I understand your privacy concerns. I didn't want to tell most people about my plans to adopt until I received a referral. I was 51 and single, and thought that people would assume I'd lost my mind. But the more people I told, or who learned about my plan, the more people I found that were extremely supportive and excited for me. In fact, I didn't really find anyone who opposed my plan, even one crabby old uncle who, I thought, might be prejudiced against adoption from China because of his military experience; all he said was that he couldn't understand why everyone wanted to have babies (he was childless), but if I wanted to be a Mom, that was OK by him.

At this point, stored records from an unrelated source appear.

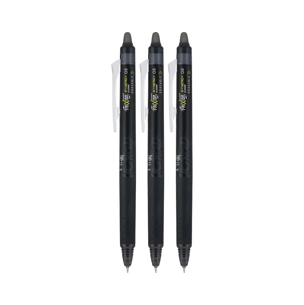 Pilot FriXion Synergy Clicker Retractable Erasable Gel Pen, Extra Fine Point, Black Ink, 3/Pack (FXYC3BLKE)
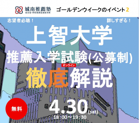 効率良く上智大学に合格するための方法を公開。4月30日、城南推薦塾がオンラインガイダンス「上智大学推薦入学試験(公募制)徹底解説」を開講します。
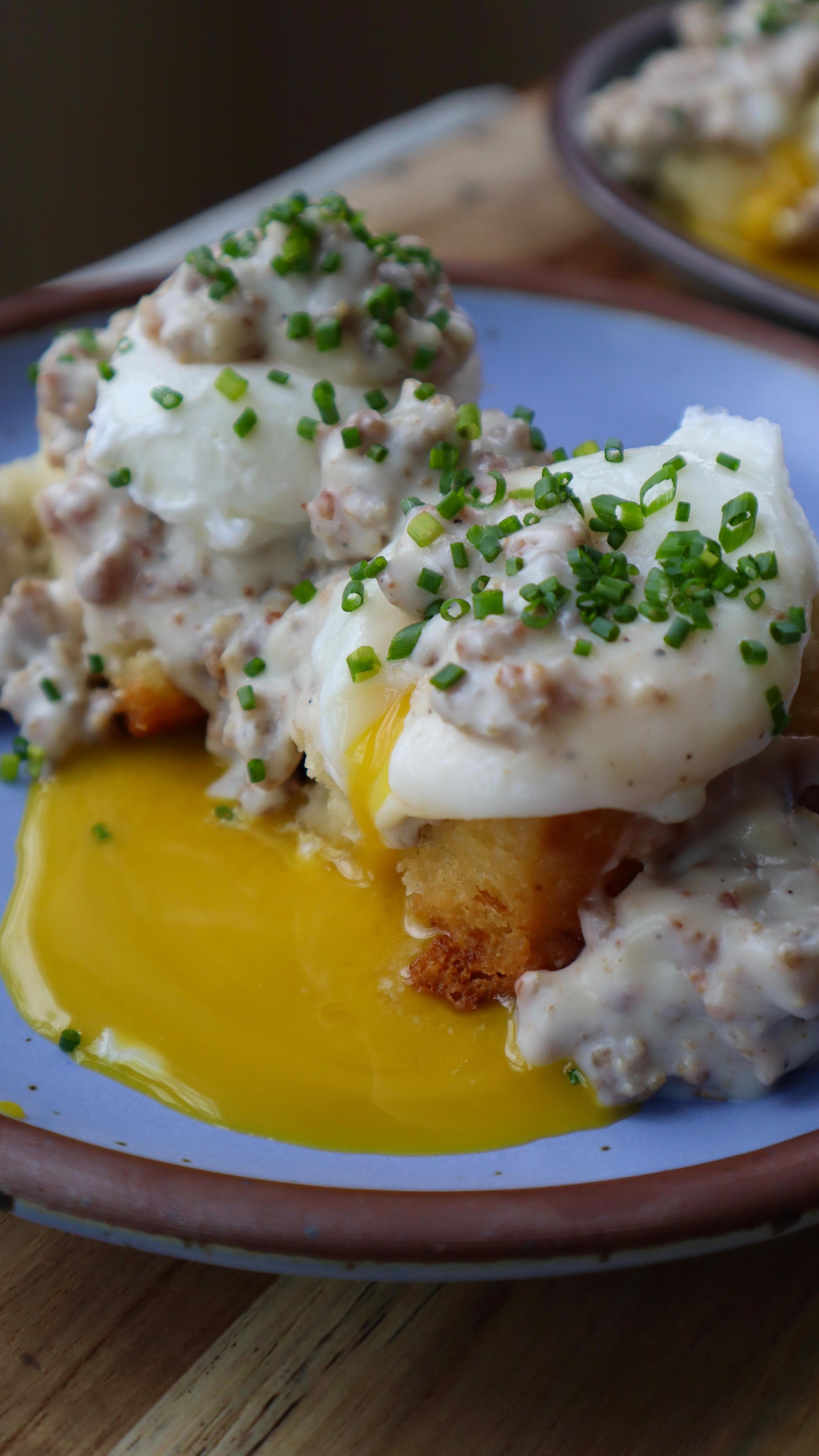 Buttery biscuits topped with creamy sausage gravy and runny poached eggs for the ultimate comfort breakfast.
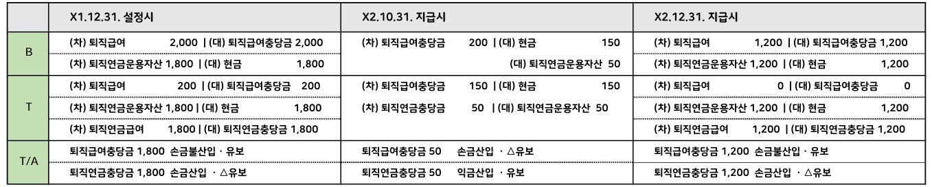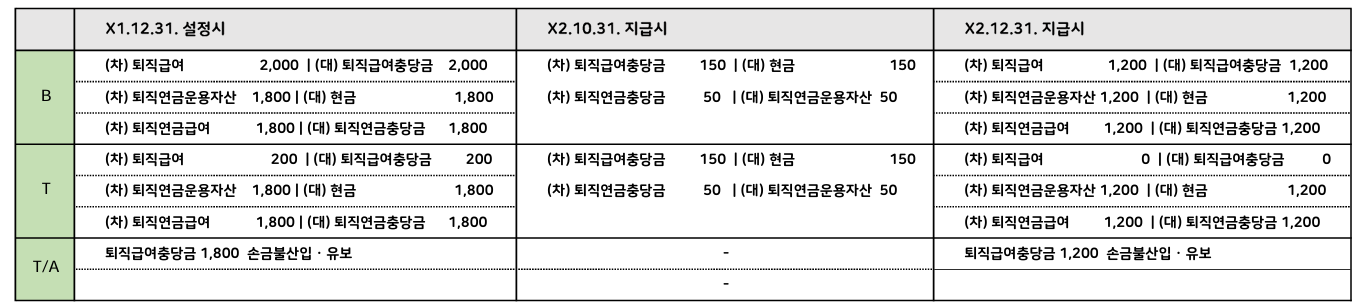 1) x1.12.31.퇴직급여충당금 2,000 설정 (세법상 한도 200), 퇴직연금 DB형 1,800 납입
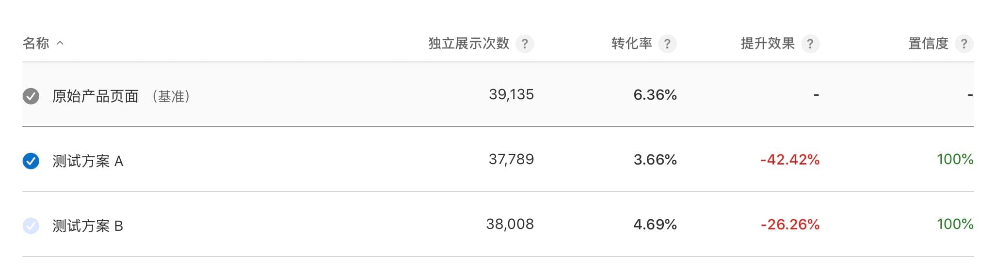 进行了一周极简时钟 iOS 的产品页面优化的测试,就是简单调整了一下预览视频的顺序,创建了两个对照的测试方案,结果其实第二天就很明显了,但是我拖了一星期才手动停止。
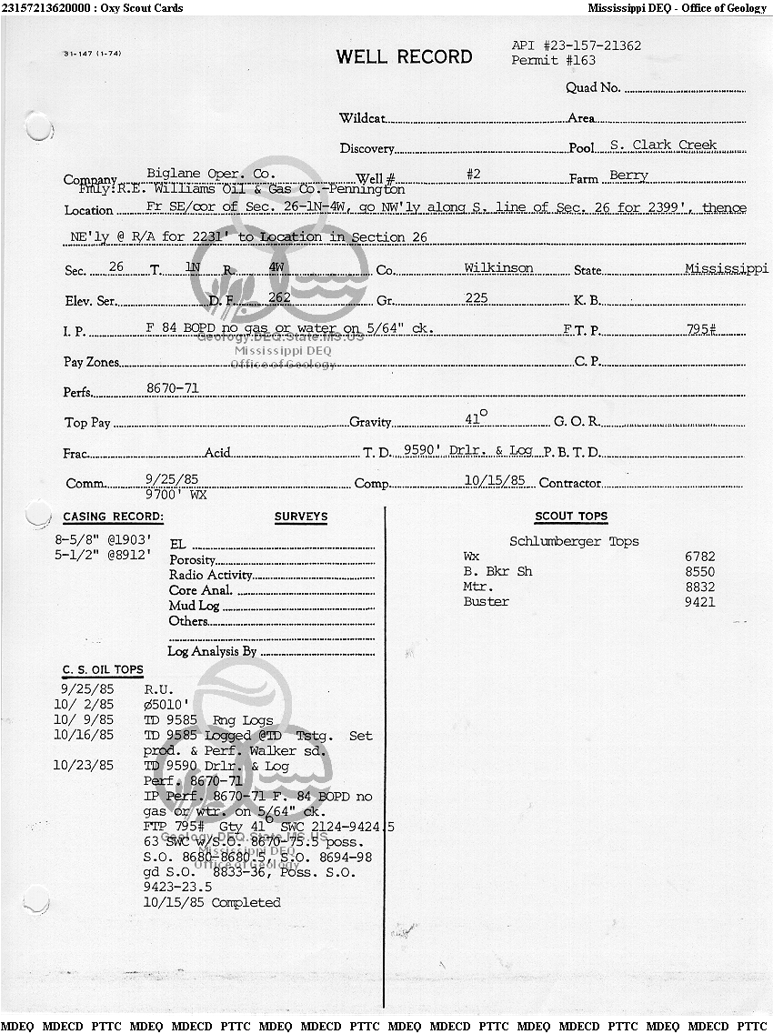 Available data may not be sufficient to properly display this well location. Check for scout ticket information or OGB's files for location plat.
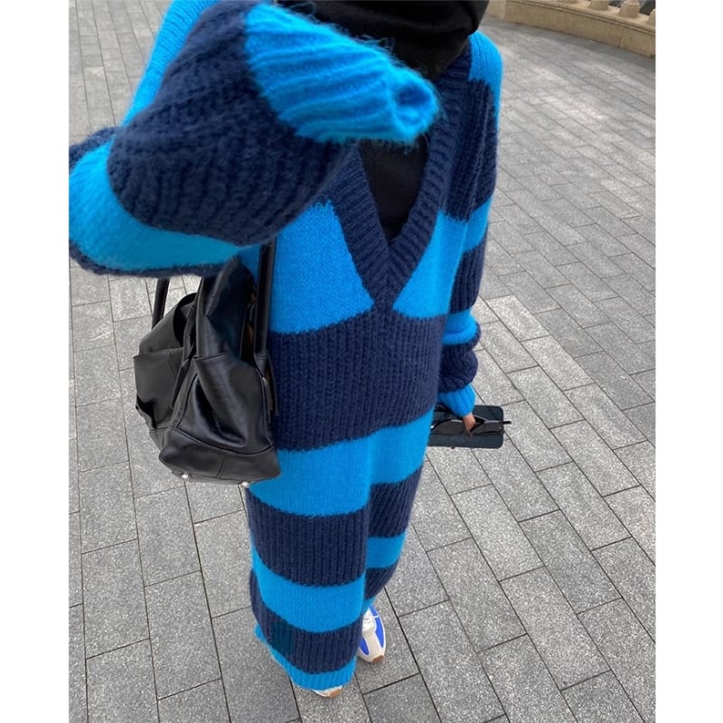 v-neck loose border knit dress【2color】 e1134
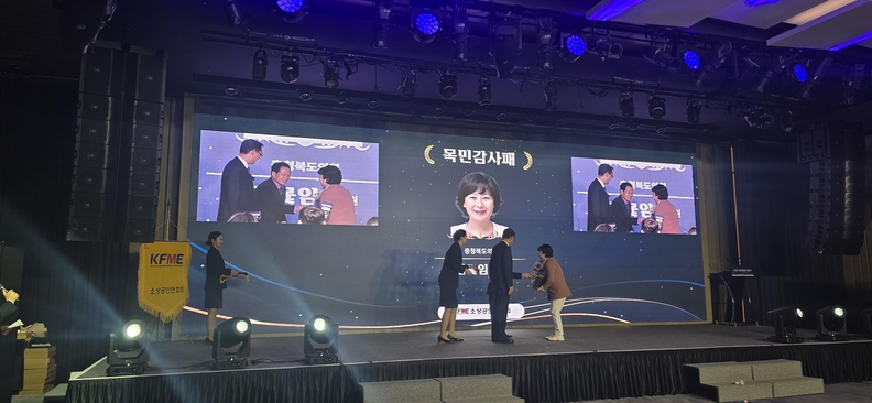충청북도의회 산업경제위원장인 김꽃임 의원이 2025 초정대상 시상식에서 소상공인연합회 중앙회로부터 '목민 감사패'를 받고 있다.

I lost my first referral because the child was adopted by a family in China, and the orphanage and provincial authorities failed to notify China's national adoption authority in a timely manner. And, yes, I grieved for the loss of the beautiful Li Weilin, with her calm, sweet face. I refused to answer my phone, at times, because I didn't want to have to talk to friends and family about the loss; I would just start crying. But I decided to go forward, and accepted a second referral. Ultimately, I went to China and Zeng Chufang became my daughter. She was 18.5 months old at the time. And once we were home and had "cocooned" a bit, the celebrations began -- in part, I think, because people felt involved in my adoption process.
Becca -- the former Zeng Chufang -- is now 20 years old. I can honestly say that, if I had let my desire for privacy outweigh my desire for a child, I would have made the worst mistake in the world. She was an absolutely amazing child -- and she is now an absolutely amazing young adult. She kept me young, and I fulfilled my dream of being a Mom.